Monolith ...... No problem. Based on the amount I am using twice a day, I think a bottle will last a month or very close to it. When I run out of the first bottle I will definitely post that information.


----------



## Twin Peak (Aug 9, 2004)

It just sounds like you are talking about SubQ fat, and not VAT.

BTW, I hope this:



> but I have been reading some of these posts and it's apparent that some members feel there "$hit" don't stink.



wasn't referring to me.  Because my shit stinks something fierce.


----------



## Monolith (Aug 9, 2004)

Youre obviously not carb cycling.  My shit has the pleasent aroma of basmati.


----------



## Damien (Aug 10, 2004)

*Too early in the morning for this conversation !!!*

Man, I'm concerned this thread may be taking a downturn !!!   LOL

TP ...  No I wasn't referring to you. Actually, I was talking about different $hit !! Meaning those people who jump your $hit for asking a question.
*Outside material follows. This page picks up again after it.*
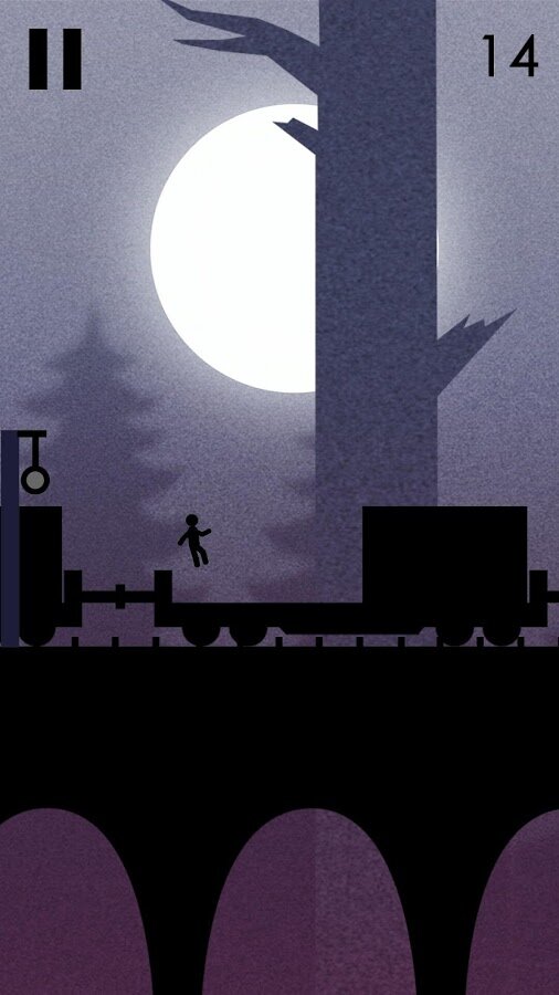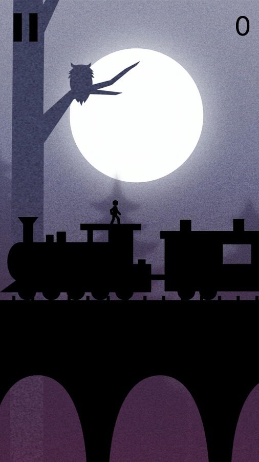 Главный герой, представленный черным силуэтом, бежит по крышам вагонов движущегося поезда. Зачем он это делает — неизвестно, но это и не важно для игры.

My plan was to let the AbSolved run it's course and see where I stand. Depending on the results, I will decide if the Lipo-U is my next trial.

Mono ... I'm not even going to comment ...... well OK, one comment. If I eat too much tuna while I'm drinking mass amounts of water ....... well, you get the rest !!!  LOL


----------



## Damien (Aug 12, 2004)

*Absolved ..*

For anyone that may be reading this .... I have been taping myself, but have not noticed any real change as of yet. My plan is to report the overall change about once a week. Most likely on Mondays.

I will be gone for a few days, as I am heading up to Sedona for my Birthday weekend. I am back for two days next week and then off to Cabo San Lucas for a week ........ a little beach time to rest and recharge !!

Have a great weekend !!!


----------



## Monolith (Aug 12, 2004)

Man, i wish my birthdays were that exciting.  I usually just get drunk and vomit up some birthday cake.


----------



## Jodi (Aug 12, 2004)

Damien said:
			
		

> For anyone that may be reading this .... I have been taping myself, but have not noticed any real change as of yet. My plan is to report the overall change about once a week. Most likely on Mondays.
> 
> I will be gone for a few days, as I am heading up to Sedona for my Birthday weekend. I am back for two days next week and then off to Cabo San Lucas for a week ........ a little beach time to rest and recharge !!
> 
> Have a great weekend !!!


Have fun   I heard its beautiful up there.  I haven't been there yet but I can't wait to go.


----------